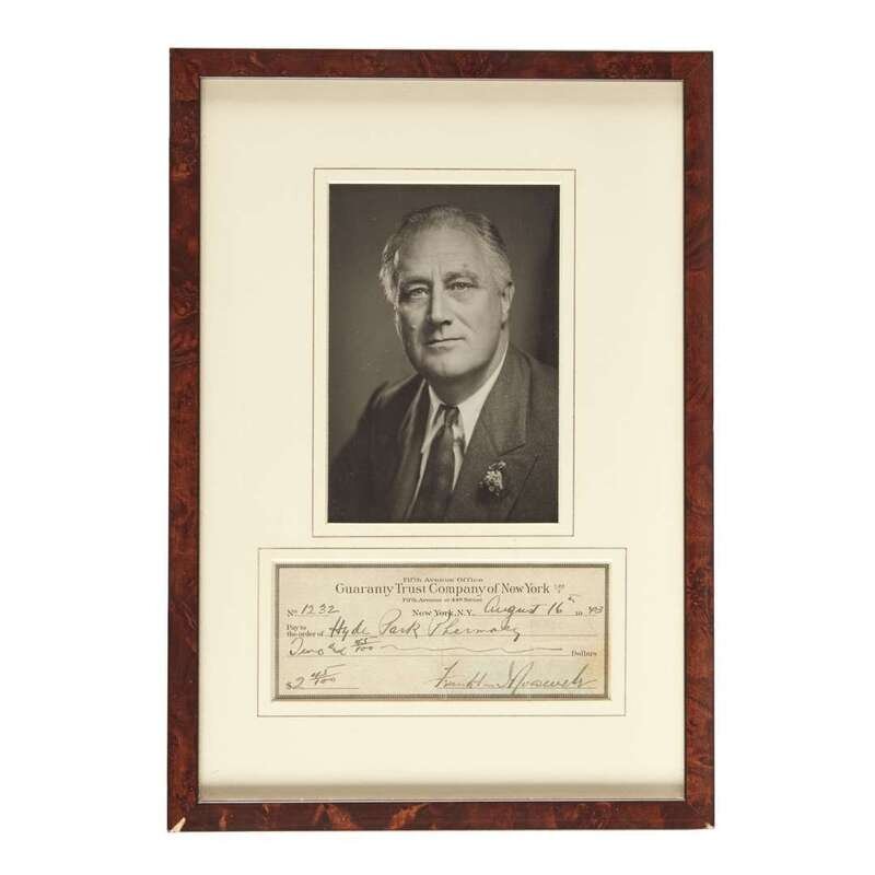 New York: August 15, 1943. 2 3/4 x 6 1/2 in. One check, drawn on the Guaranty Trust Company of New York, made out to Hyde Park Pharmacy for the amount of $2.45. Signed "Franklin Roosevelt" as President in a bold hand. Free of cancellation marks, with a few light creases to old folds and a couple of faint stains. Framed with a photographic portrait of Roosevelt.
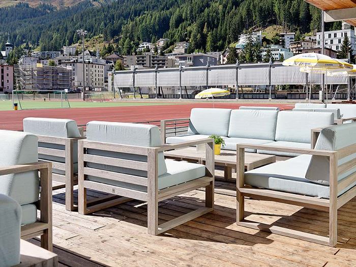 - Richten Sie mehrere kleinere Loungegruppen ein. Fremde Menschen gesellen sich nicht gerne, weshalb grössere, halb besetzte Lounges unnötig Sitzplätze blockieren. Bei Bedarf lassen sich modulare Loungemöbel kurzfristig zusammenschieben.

--

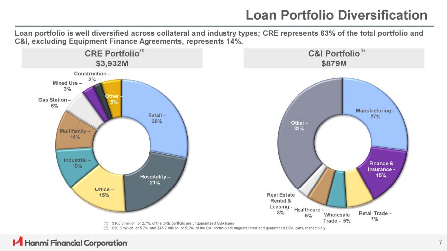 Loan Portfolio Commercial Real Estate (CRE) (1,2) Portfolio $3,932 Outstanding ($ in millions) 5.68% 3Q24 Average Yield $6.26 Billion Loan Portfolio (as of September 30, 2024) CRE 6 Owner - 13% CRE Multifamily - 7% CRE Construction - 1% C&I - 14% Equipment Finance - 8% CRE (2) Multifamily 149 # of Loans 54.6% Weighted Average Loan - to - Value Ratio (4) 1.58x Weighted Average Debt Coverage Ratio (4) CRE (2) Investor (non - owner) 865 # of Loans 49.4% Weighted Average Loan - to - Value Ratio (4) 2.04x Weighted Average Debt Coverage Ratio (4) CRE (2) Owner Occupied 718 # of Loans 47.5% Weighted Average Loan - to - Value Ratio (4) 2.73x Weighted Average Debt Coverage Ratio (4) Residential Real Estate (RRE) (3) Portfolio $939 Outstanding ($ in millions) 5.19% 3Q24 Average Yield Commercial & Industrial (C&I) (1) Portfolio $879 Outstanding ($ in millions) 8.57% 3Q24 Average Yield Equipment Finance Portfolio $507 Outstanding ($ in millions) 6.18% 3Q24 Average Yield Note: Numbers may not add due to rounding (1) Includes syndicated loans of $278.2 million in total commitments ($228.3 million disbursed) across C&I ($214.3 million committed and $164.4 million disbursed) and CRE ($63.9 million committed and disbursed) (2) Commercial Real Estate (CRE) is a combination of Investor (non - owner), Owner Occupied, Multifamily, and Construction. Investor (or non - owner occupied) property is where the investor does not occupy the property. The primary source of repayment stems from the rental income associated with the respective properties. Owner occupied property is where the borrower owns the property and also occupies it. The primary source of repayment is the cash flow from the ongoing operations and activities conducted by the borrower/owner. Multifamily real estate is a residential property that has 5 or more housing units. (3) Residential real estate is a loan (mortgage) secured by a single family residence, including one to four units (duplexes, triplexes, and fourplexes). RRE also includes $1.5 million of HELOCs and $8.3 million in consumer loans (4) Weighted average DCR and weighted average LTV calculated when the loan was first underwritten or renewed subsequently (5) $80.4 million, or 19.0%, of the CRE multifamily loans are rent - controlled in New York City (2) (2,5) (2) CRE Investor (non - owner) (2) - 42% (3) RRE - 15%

TASK GOAL>
With pictures omitted, repeat the entries above word for word from the line holding "New York: August" down to the line holding "- Richten Sie", keeping both of those lines.

RESPONSE TO THE TASK>
 New York: August 15, 1943. 2 3/4 x 6 1/2 in. One check, drawn on the Guaranty Trust Company of New York, made out to Hyde Park Pharmacy for the amount of $2.45. Signed "Franklin Roosevelt" as President in a bold hand. Free of cancellation marks, with a few light creases to old folds and a couple of faint stains. Framed with a photographic portrait of Roosevelt.
 - Richten Sie mehrere kleinere Loungegruppen ein. Fremde Menschen gesellen sich nicht gerne, weshalb grössere, halb besetzte Lounges unnötig Sitzplätze blockieren. Bei Bedarf lassen sich modulare Loungemöbel kurzfristig zusammenschieben.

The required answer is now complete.